Out-of-focus brain image detection in serial tissue sections

Abstract

Background: A large part of image processing workflow in brain imaging is quality control which is typically done visually. One of the most time consuming steps of the quality control process is classifying an image as in-focus or out-of-focus (OOF).

New method: In this paper we introduce an automated way of identifying OOF brain images from serial tissue sections in large datasets (>1.5 PB). The method utilizes steerable filters (STF) to derive a focus value (FV) for each image. The FV combined with an outlier detection that applies a dynamic threshold allows for the focus classification of the images.

Results: The method was tested by comparing the results of our algorithm with a visual inspection of the same images. The results support that the method works extremely well by successfully identifying OOF images within serial tissue sections with a minimal number of false positives.

Comparison with existing methods: Our algorithm was also compared to other methods and metrics and successfully tested in different stacks of images consisting solely of simulated OOF images in order to demonstrate the applicability of the method to other large datasets.

Conclusions: We have presented a practical method to distinguish OOF images from large datasets that include serial tissue sections that can be included in an automated pre-processing image analysis pipeline.

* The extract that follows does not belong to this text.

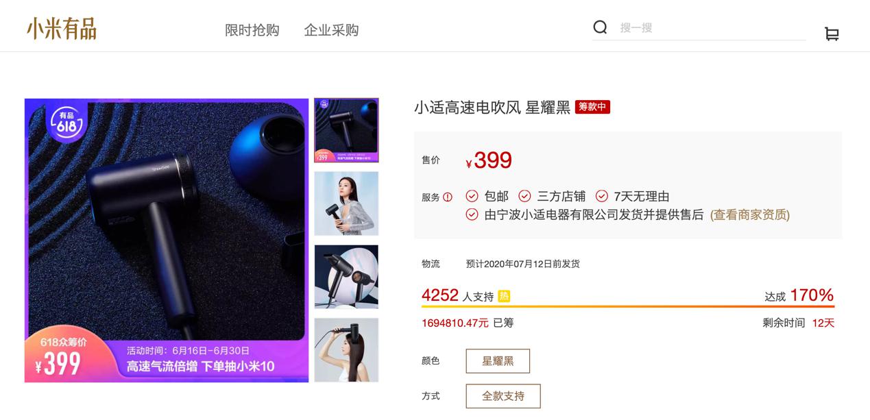 小米有品眾籌上架高速吹風機:每秒30次監測+智能控温

Keywords: Bright-field microscopy; Filters; Fluorescence microscopy; Focus; Image analysis; Image processing; Whole slide imaging.

Figure C.12:

Flowchart of our proposed method.

Figure 1:

Examples of different fluorescent (first row), Nissl stained (second row), immunohistochemistry stained images (third row) from our datasets. Images (a), (d), (g) depict an image with an artifact on the sample, air bubbles on the folded sample and a damaged image respectively. OOF images are presented in (b), (e), (h), while in-focus images are shown in (c), (f) and (i). Note that our images and included samples are not all the same size and the samples are not always centered in the image.

Figure 2:

Example of fluorescent image that is OOF when magnified. The image in full view does not look OOF but once the image is magnified (A and B) the image is clearly OOF. A magnified view of a similar area from a different image that is not OOF is included (C) for comparison.

Figure 3:

Example of fluorescent image that is partially OOF. We have magnified two regions of interest from the same image. It is shown that, even though both regions are from the same image, the upper region (A) is OOF while the lower region (B) is in-focus.

Figure 4:

Steerable filter response versus angle for one individual pixel with coordinates x=4500, y=4500

Figure 5:

Ratio of FV of sharp vs OOF images for different steerable filter kernel sizes from a sample of different brain image datasets. The numbers displayed in the legend indicate the brain dataset. The graphs suggest that 15×15 pixels is the optimal kernel size for the spatial scale of structures in our particular sample.

Figure 6:

OOF candidate detection using the FV versus slice (or image) ID for different brain image datasets. The black (○) symbol represents all image scores, the straight blue line is the moving median and the OOF candidates are shown as the red (*) symbol. The FV has been normalized to its maximum value for every dataset.

Figure 7:

Nissl stained sections from stack 3079 identified as OOF from the algorithm (Figure 6b) and confirmed visually. Sections 121 and 142 have to be magnified in order to be visually confirmed as OOF images.

Figure 8:

Sample image tiles and their classification with different methods (shown in Table 6).

Figure 9:

Different methods for identifying OOF images in a fluorescent dataset. The red asterisks (*) denote the images that were identified as OOF visually. The STF metric clearly differentiates the OOF and in-focus images while the SML metric places four images close to the main branch so the outlier detection will classify them as in-focus. The middle panel shows the BRISQUE scores for all images in the dataset. We notice that there is no pattern for our visual OOF images, some of them are closer to one and some are close to the smaller values of the dataset. A smaller BRISQUE score indicates a better quality image so we expect the OOF images to be clustered towards the highest values. Therefore this metric would not be appropriate for our dataset since there is no consistency in the location of the OOF images.

Figure 10:

Color images of tissue sections of a mouse prostate (Kartasalo et al., 2018). All images, except sections 21 and 181 that are used for comparison, were artificially blurred with different kernels.

Figure 11:

Outlier detection plot with our proposed method. The black (◊) symbol represents all the data, the blue line is the moving median and the red (◊) data points are the simulated OOF images which were identified as OOF from our algorithm.